Back in the first week of September, Philadelphia Phillies manager Joe Girardi reshuffled his starting rotation. The goal was to line up the Phillies’ best arms to face the Atlanta Braves in the second-to-last series of the regular season. It made sense: More likely than not, those three games would go a long way in determining the winner of the National League East.
The Phillies are now at that point. The problem? It’s since become clear that their best starters are not currently lined up for the crucial three-game set in Atlanta. Because just like the Phillies in the National League playoff picture, one of their two best arms — Ranger Suárez’s left — is on the outside looking in.
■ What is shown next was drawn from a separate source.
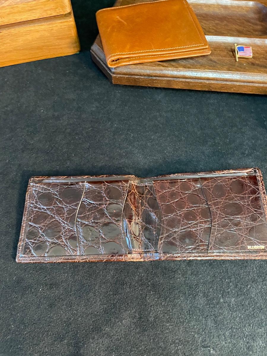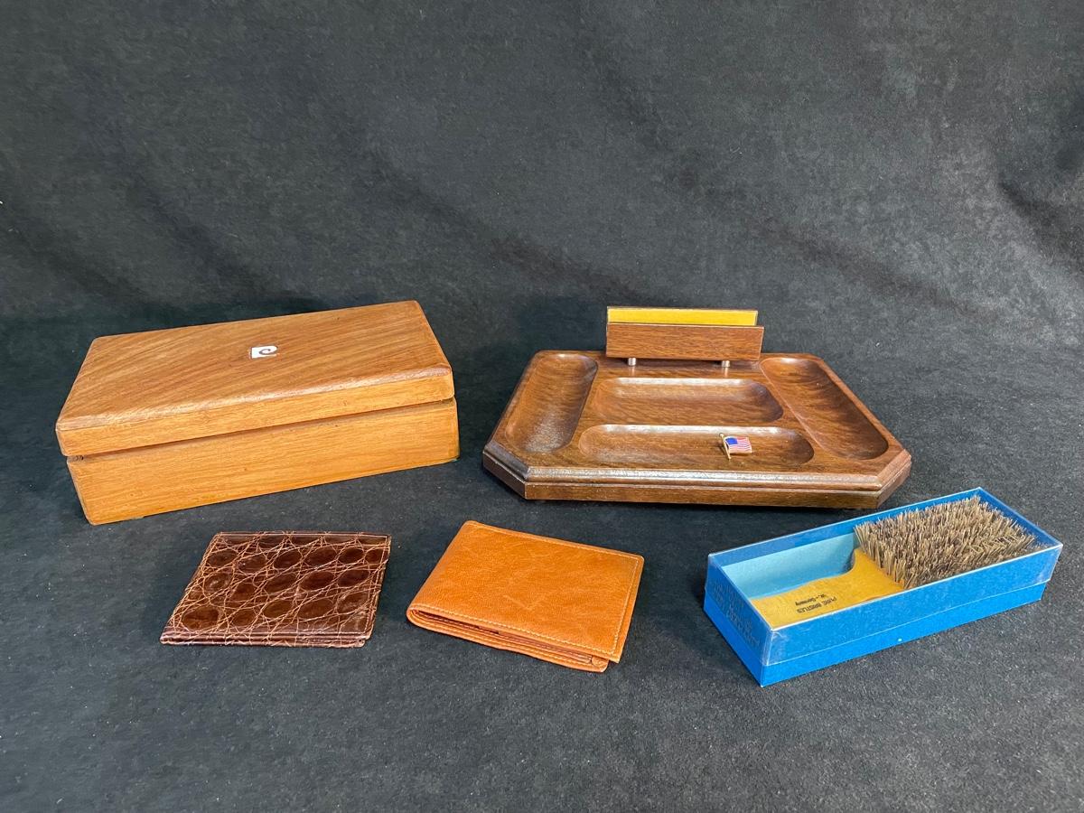 Wooden box, wooden tray, two wallets and natural bristle hair bruch

Since Girardi made the decision to line up Zack Wheeler, Aaron Nola and Kyle Gibson to pitch Games 1, 2 and 3 of this week’s Atlanta series, Gibson has pitched to a 7.16 ERA across five September starts. Nola, whose 2021 season has been nothing short of an enigma, has posted a slightly better mark of 6.58 in September. That includes his most recent start, a six-run outing against the Pittsburgh Pirates, who rank dead last in Major League Baseball in runs this year.
Meanwhile, in that same time frame, Suárez has continued to dominate the same way he has all season. He has a 1.41 ERA in September. He’s coming off the best start of his career, in which he blanked the Pirates on a four-hit “Maddux”. He has established himself as not only one of the best pitchers on the Phillies’ entire staff, but far and away the hottest.
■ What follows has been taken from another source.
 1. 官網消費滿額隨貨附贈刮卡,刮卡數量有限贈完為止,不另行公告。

Simply put, if the Phillies treat this series like the must-sweep that it is, Suárez has to start one of those three games. It isn’t only that he’s pitched himself into that task; it’s that Nola and Gibson have pitched themselves out of it. In the biggest games of the season, the Phillies’ last chance at climbing back into the playoff field, it would be indefensible for Suárez not to partake.
But it’s not so easy as to flip-flop Gibson and Suárez’s starts on Thursday and Friday and call it a day. Even if the Phillies manage to emerge from Atlanta with a sweep, they’d still hold just a 1/2-game lead over the Braves for first place in the NL East, making each of the final three games against the Marlins in Miami also must-wins. Suárez needs to start one of them as well.
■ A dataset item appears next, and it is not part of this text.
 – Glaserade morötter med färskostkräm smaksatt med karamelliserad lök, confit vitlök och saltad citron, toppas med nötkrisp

The only way to squeeze two more starts out of Suárez in the final week of the season is by giving him the ball on short rest on Wednesday, then again in Sunday’s Game 162. Back-to-back starts on three days rest is admittedly no small task, especially coming off his 97-pitch shutout.
But if there’s anything Suárez has shown this season, it’s that he has the propensity for answering any challenge the Phillies throw his way. He’s also shown that he’s quite capable of handling unconventional workloads. When the lefty moved into the starting rotation in August, he threw 33 pitches in his first start. By start three, he was up to 82, and he’s thrown at least 90 pitches in six of his last seven. That’s nothing if not adaptability.
Plus, if given the choice between Suárez on three days of rest or Nola and Gibson — take your pick — on full rest, who would you prefer? Suárez, despite the short break, is the logical answer.
Fitting Suárez into Game 162 would force the Phillies to push Wheeler’s final start up by a day from Sunday to Saturday, leaving him too with three days of rest before that final start. His usage this season is admittedly worrisome — his 206 1/3 innings on the year leads Major League Baseball — and he’s benefitted from an extra day of rest here and there in the season’s final month. But, frankly, something has to give.
It still leaves the Phillies with a decision to make in Atlanta between Nola and Gibson for the series finale, and there are arguments to be made either way. Gibson hasn’t faced the Braves this season, and Nola has squared off against them four times with a 4.44 ERA, so perhaps a new look could work in Gibson’s favor.
That said, Nola’s last start against Atlanta was a near-shutout in July, so maybe they ride the (comparatively) hot hand. Each of them has historically fared best after exactly five days of rest, but only Gibson’s numbers skyrocket when given a sixth. Starting him Thursday with five days of rest instead of Friday with six would avoid that problem.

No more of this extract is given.